2. Gdy jej nie ma - patrz pkt. 1.
;)
Pozdrawiam
-
5. Data: 2008-11-20 12:43:36
Temat: Re: Ustne polecenie - jego waga i mocowanie prawne
Od: Juzek Kocimientka <k...@i...pl>
ChOpLaCz pisze:
> Aby była jasność. Nie spodziewam się kłopotów z
> tego tytułu. Mam rewelacyjnego szefa.
No to kupcie dobrą książkę i przy wspólnej lekturze wytłumacz szefowi
problem. Może ci na piśmie potwierdzi że wydał ci takie polecenie.
-
6. Data: 2008-11-20 13:09:49
Temat: Re: Ustne polecenie - jego waga i mocowanie prawne
Od: "Jotte" <t...@w...spam.wypad.polska>
W wiadomości news:gg3616$dfp$1@inews.gazeta.pl ChOpLaCz
<c...@g...pl> pisze:
>> Skoro nie masz uprawnień itp., to odmawiasz
>> powołując się na ten fakt i żądasz ich wydania.
> To, gdy jest czas.
W takim razie błyskawicznie decydujesz czy się nadstawić.
Potem - targany wątpliwościami - możesz napisać na grupę... :)))
>> No i zawsze możesz też po prostu zażądać wydania
>> polecenia na piśmie.
> Kiedy dzwoni szef z narady na jakimś ważnym
> szczeblu, gdzie miały dotrzeć, a nie dotarły
> (powód nieistotny) istotne papiery / dane. W
> panice prosi o pomoc (chce sie czyms tam
> podeprzec). Migiem na maila. Żądanie polecenia na
> piśmie? Hmm - logiczne, aczkowiek - przeginka -
> dopiero byłbym ugotowany :)
Jak to ugotowany? Przecież niżej twierdzisz, że masz rewelacyjnego szefa!
Na pewno cię zrozumie. ;)
>> A pani Basia czy inna Krysia też mogą odmówić
>> podania danych osobie nieprawnionej.
> Wydały bez zająknięcia.
To mają dylemat podobny do twojego.
> Kwestia wzajemnego zaufania.
> Pracujemy razem od nastu lat, więc...
Więc żebyś się nie zdziwił któregoś dnia...
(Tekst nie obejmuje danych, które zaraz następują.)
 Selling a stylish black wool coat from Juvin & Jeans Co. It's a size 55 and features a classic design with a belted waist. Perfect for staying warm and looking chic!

Kilkanaście lat znakomicie potrafi uśpić czujność, dystans i rozsądek. ;)
> Aby była jasność. Nie spodziewam się kłopotów z
> tego tytułu. Mam rewelacyjnego szefa. Sam jestem
> chyba niezły w tym, co robię. Tego typu myk, to
> raczej mój ukłon w jego stronę. Tyle, że dziś jest
> mega zajefajnie. A za rok? Za dwa? Jak sie cos
> zmieni, i nie będzie podstaw na kopa (bo jestem
> "dobry"). Zawsze można znaleźć inny kij. Daj mi
> tylko człowieka ;). Takim kijem mogłoby byc
> hipotetycznie odgrzanie takiej grzeczności i jest
> po temacie. Złamałem regulamin. Nie ma dyskusji.
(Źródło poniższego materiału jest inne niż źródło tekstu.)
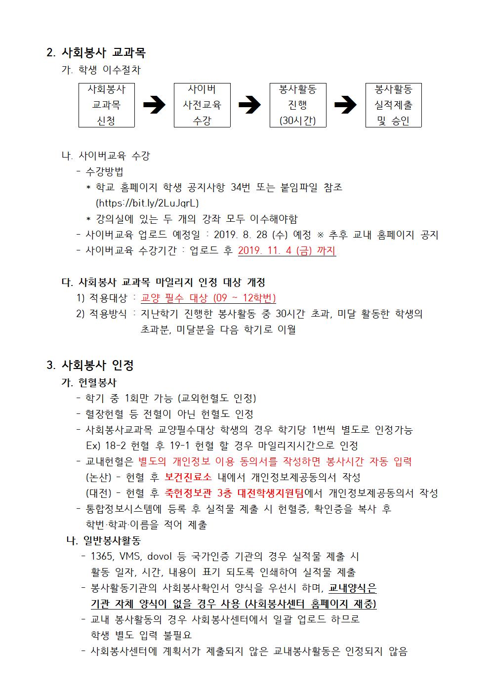 | 제목 | 2019학년도 2학기 사회봉사 활동 안내 | ||||

> Chodzi mi tylko o "obronę".
KP art. 109 §1 i §2.
> Czy można powiedzieć,
> że takie dostałem polecenie, telefonicznie,
> ustnie. Czy słuchacze parskną i na wejściu
> powiedzą - nie bądź śmieszny koleś. Każdy tak może
> powiedzieć. O to mi chodzi.
Oczywiście, że możesz tak powiedzieć.
Oczywiście, że mogą parsknąć śmiechem.
--
Jotte
-
7. Data: 2008-11-20 17:32:20
Temat: Re: Ustne polecenie - jego waga i mocowanie prawne
Od: "ChOpLaCz" <c...@g...pl>
> W takim razie błyskawicznie decydujesz czy się nadstawić.
Dokładnie.
> Potem - targany wątpliwościami - możesz napisać na grupę... :)))
ROTFL. Tak ;)
> Jak to ugotowany? Przecież niżej twierdzisz, że masz rewelacyjnego szefa!
Potwierdzam.
> Na pewno cię zrozumie. ;)
Taaa, ale kopa zasadzi, albo liscia sprzeda, za to, że nie musiał dać ciała
a dał, bo ja się spiąłem zbytecznie :)
>>> A pani Basia czy inna Krysia też mogą odmówić
>>> podania danych osobie nieprawnionej.
>> Wydały bez zająknięcia.
> To mają dylemat podobny do twojego.
Odnosze wrażenie, że nawet nie kumają jakiej zbrodni na ludzkości się
dopuściły.
pozdr ;)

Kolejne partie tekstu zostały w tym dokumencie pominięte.